Le famiglie necessitano di molti altri servizi, oltre ai nidI per la prima infanzia, per poter
affrontare serenamente le richieste, sempre più pressanti, del mercato del lavoro:
dall’organizzazione dei tempi della città (orari degli uffici pubblici, delle scuole e degli
esercizi commerciali, servizi di trasporto), ai servizi di assistenza all’infanzia ed
all’adolescenza, dal sostegno per i non autosufficienti, giovani e non, al supporto per
contrastare le devianze.
Tutti elementi necessari al fine di sostenere le famiglie e per favorire concretamente
l’occupazione femminile ed al fine di rendere le donne pronte e disponibili a dedicare
più tempo al lavoro.
Nel complesso la possibilità di uscire prima dal mercato del lavoro nel nostro Paese è
uno dei pochi riconoscimenti concessi alle donne, data la difficoltà di occuparsi
contemporaneamente del lavoro e degli aspetti familiari, una delle poche
“discriminazioni positive” rispetto alle, moltissime, discriminazioni negative.
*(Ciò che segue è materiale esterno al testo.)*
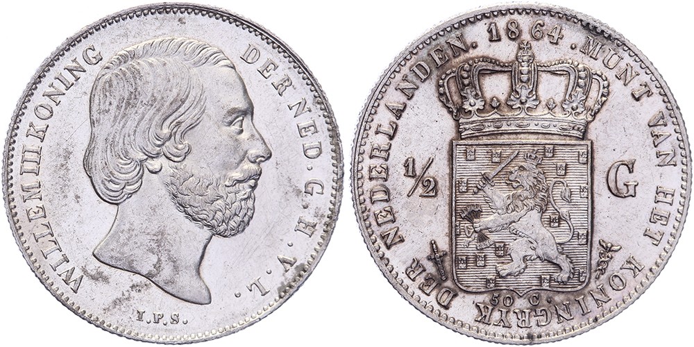 ½ Gulden 1864 mmt. zwaard Sch. 631 Ruim prachtig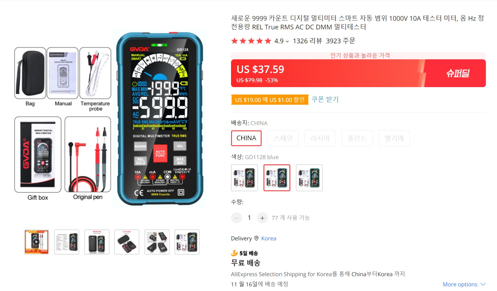 가격은 US$ 37.59 로 4만 원 정도이고 5일 배송을 보장하는데 4일 만에 왔다.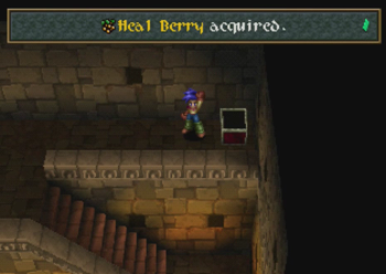 Exploring the dungeon while not falling into a hole like a big idiot yields some more random treasures that shouldn’t exist. Who puts a berry in a box in a dungeon?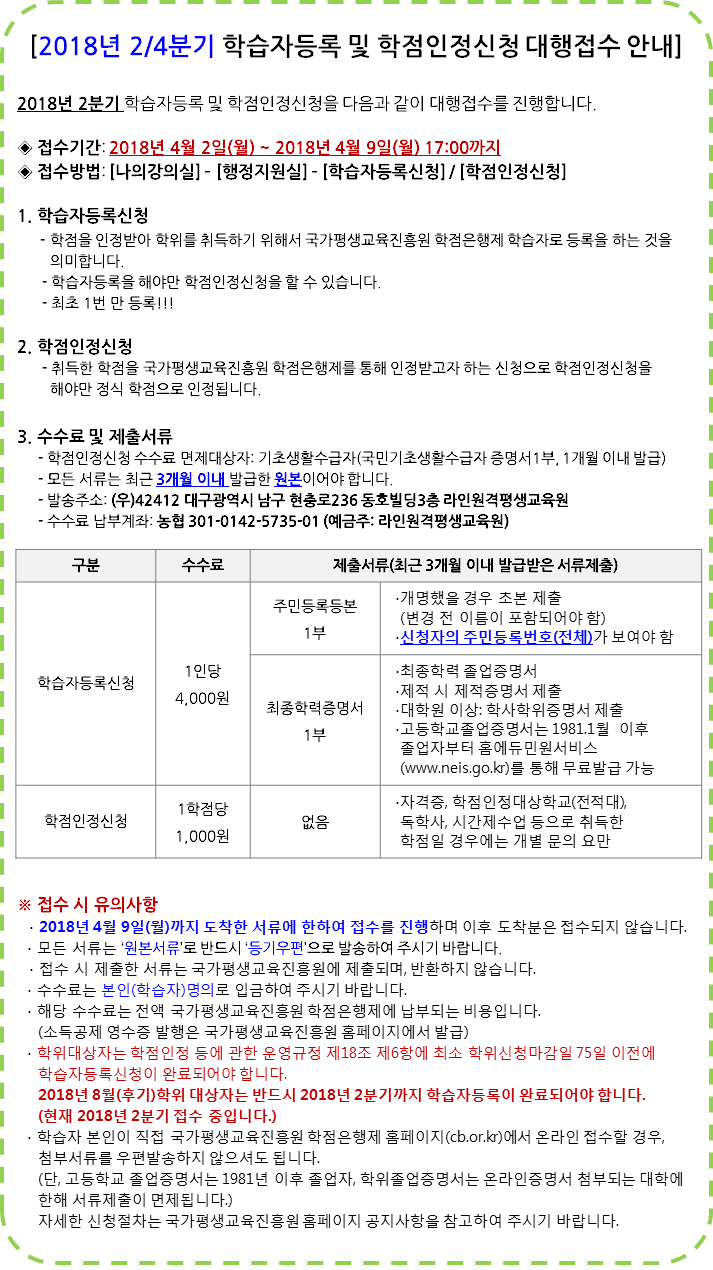 [Á¢¼ö¾È³»]2018³â 2ºÐ±â ÇнÀÀÚµî·Ï ¹× ÇÐÁ¡ÀÎÁ¤½Åû ´ëÇàÁ¢¼ö ¾È³»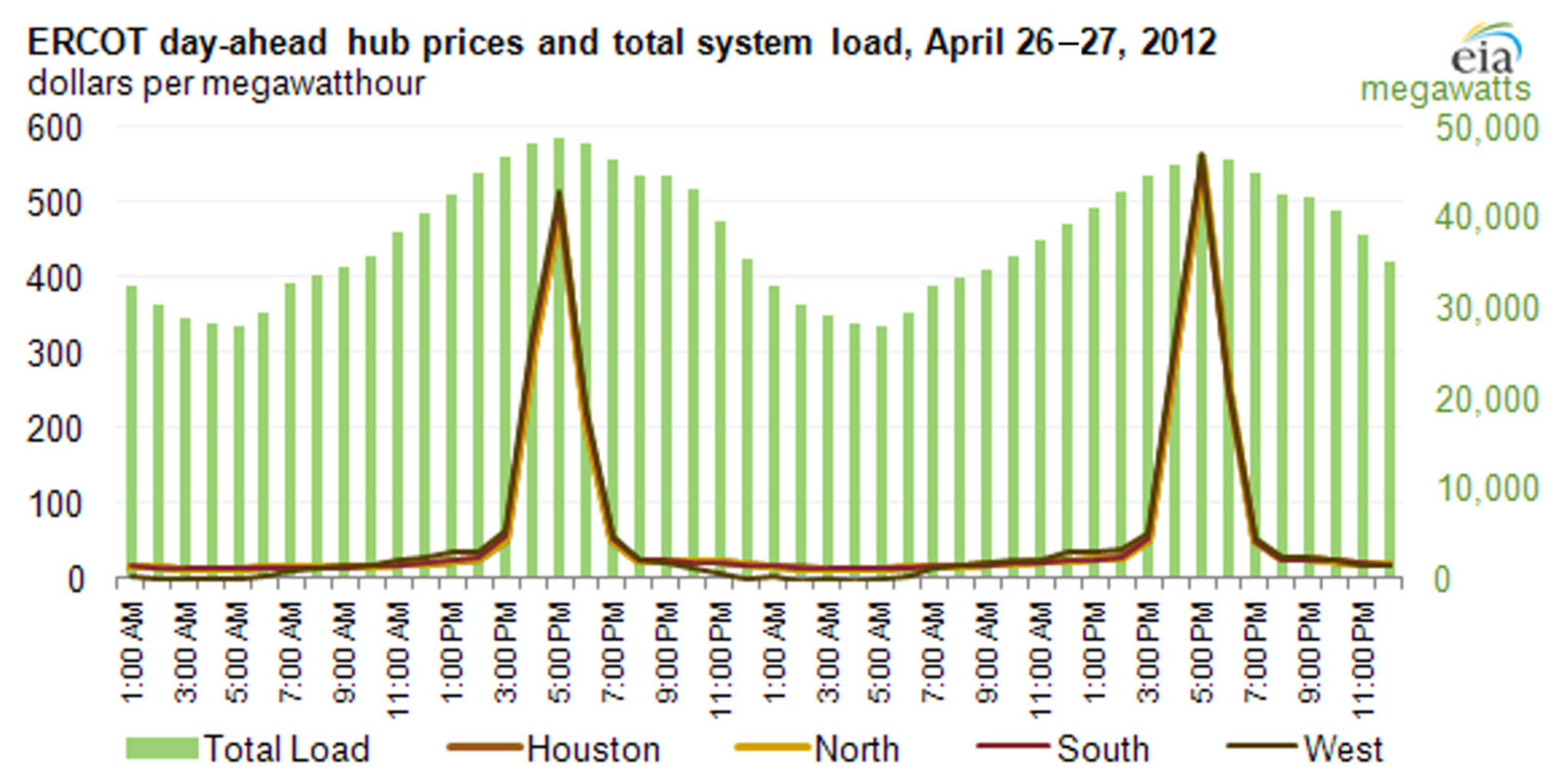 An example of the differentiated price during peak time: wholesale electricity prices spike in Texas [33].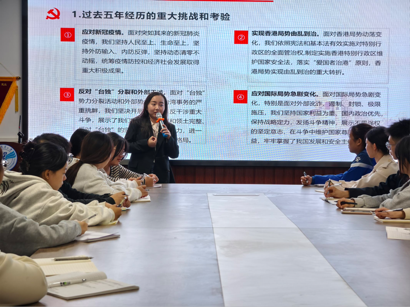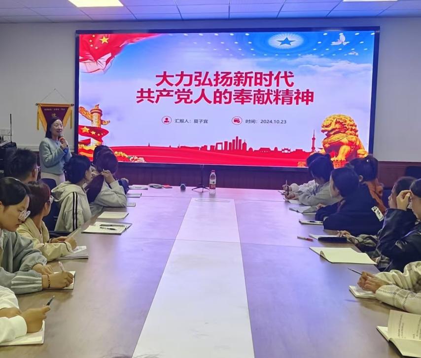 第三讲由学生二支部宣传委员夏子宜主讲,她以《大力弘扬中国共产党奉献精神》为题,深刻探讨了在新的历史条件下,共产党人应如何继承和发扬奉献精神,为国家和社会的发展做出更大贡献。夏老师结合国内外形势的变化,分析了当前所面临的一系列复杂问题,如经济发展不平衡、社会矛盾加剧等。她认为,在这样的背景下,弘扬奉献精神不仅是对个人品质的要求,更是解决社会问题、促进国家繁荣稳定的关键所在。她鼓励学员们要勇于奉献,敢于担当,成为新时代的先锋力量。
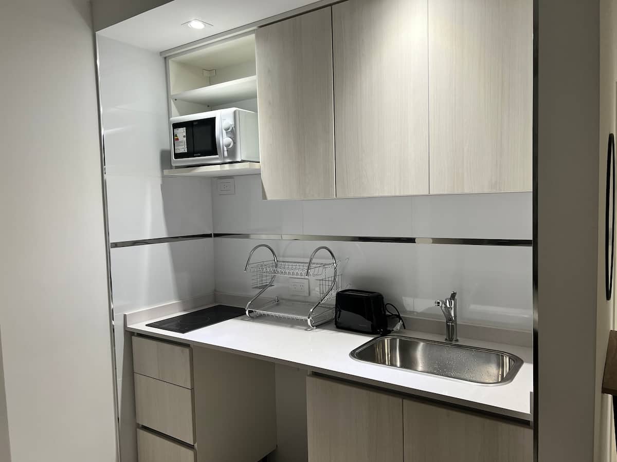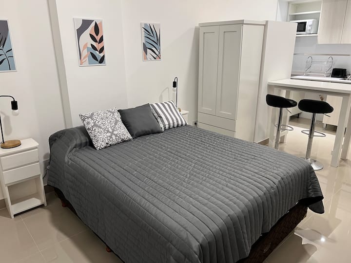 Квартира расположена в Monserrat, в историческом центре Buenos Aires. В комплексе «Paseo de la Cisterna» есть музей, круглосуточная охрана и инфраструктура для жильцов, включая бассейн и солярий, а также co-working и зоны отдыха на открытом воздухе. В пешей доступности находятся Plaza de Mayo, Cabildo, Casa Rosada и Manzana de las Luces.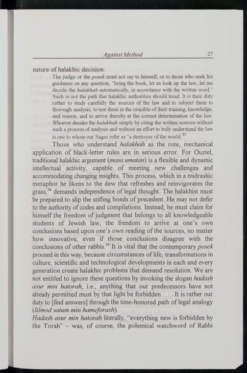 nature of halakhic decision: The judge or the posek must not say to himself, or to those who seek his guidance on any question,“bring the book, let us look up the law, let me decide the halakhah automatically, in accordance with the written word.” Such is not the path that halakhic authorities should tread. It is their duty rather to study carefully the sources of the law and to subject them to thorough analysis, to test them in the crucible of their training, knowledge, and reason, and to arrive thereby at the correct determination of the law. Whoever decides the halakhah simply by citing the written sources without such a process of analysis and without an effort to truly understand the law is one to whom our Sages refer as“a destroyer of the world.> Those who understand halakhah as the rote, mechanical application of black-letter rules are in serious error. For Ouziel, traditional halakhic argument(masa umatan) is a flexible and dynamic intellectual activity, capable. of meeting new challenges and accommodating changing insights. This process, which in a midrashic metaphor he likens to the dew that refreshes and reinvigorates the grass,’ demands independence of legal thought. The halakhist must be prepared to slip the stifling bonds of precedent. He may not defer to the authority of codes and compilations. Instead, he must claim for himself the freedom of judgment that belongs to all knowledgeable students of Jewish law, the freedom to arrive at one’s own conclusions based upon one’s own reading of the sources, no matter how innovative, even if those conclusions disagree with the conclusions of other rabbis.* It is vital that the contemporary posek proceed in this way, because circumstances of life, transformations in culture, scientific and technological developments in each and every generation create halakhic problems that demand resolution. We are not entitled to ignore these questions by invoking the slogan hadash asur min hatorah, i.e., anything that our predecessors have not already permitted must by that light be forbidden.... It is rather our duty to[find answers] through the time-honored path of legal analogy (lilmod satum min hameforash). Hadash asur min hatorah literally,“everything new is forbidden by the Torah ”— was, of course, the polemical watchword of Rabbi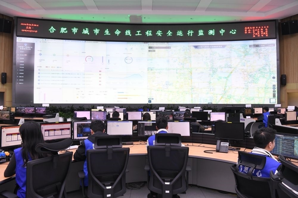 技術(shù)人員在位于清華大學(xué)合肥公共安全研究院的合肥市城市生命線工程安全運(yùn)行監(jiān)測中心值守(2024年4月8日攝)。合肥市2015年啟動城市生命線安全工程建設(shè),逐步構(gòu)建燃?xì)狻蛄?、供水、排水、熱力、綜合管廊、消防、水環(huán)境八大領(lǐng)域立體化監(jiān)測網(wǎng),探索出一條以場景應(yīng)用為依托、以智慧防控為導(dǎo)向、以創(chuàng)新驅(qū)動為內(nèi)核、以市場運(yùn)作為抓手的城市安全發(fā)展新模式。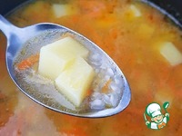 Добавить нарезанный кубиком картофель и промытый в холодной воде рис. Залить 400 мл. бульона (либо кипяток). Варить до готовности картофеля и риса. |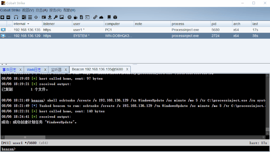 此时提示”成功: 成功创建计划任务 “WindowsUpdate”,5分钟后,域控以system权限自动上线。

Il nostro
Paese si deve necessariamente occupare di risolvere queste ultime prima di poter
pensare di eliminare le prime, altrimenti sarà ancora maggiore l’esclusione sociale
femminile.
Molti dati attestano l’arretratezza italiana nel tema delle pari opportunità, fra questi il
recente Rapporto sul divario di genere nel 2008 del World Economic Forum (presentato
lo scorso dicembre) su 130 paesi, che rappresentano il 90% della popolazione mondiale,
ha, ad esempio collocato l’Italia al 67° posto (con un miglioramento rispetto al 2007),
con un dato negativo particolare proprio relativo alla vita economica ed al lavoro,
settore nel quale l’Italia si è classificata 85ª. Questa classifica, come molte altre
riguardanti le donne - sull’occupazione femminile, la rappresentanza nei luoghi
decisionali (istituzioni, partiti, consigli d’amministrazione, ecc.), il tasso di povertà etc.
– offre una eloquente dimostrazione del fatto che il nostro Paese ha ancora moltissime
lacune da colmare nei confronti delle donne.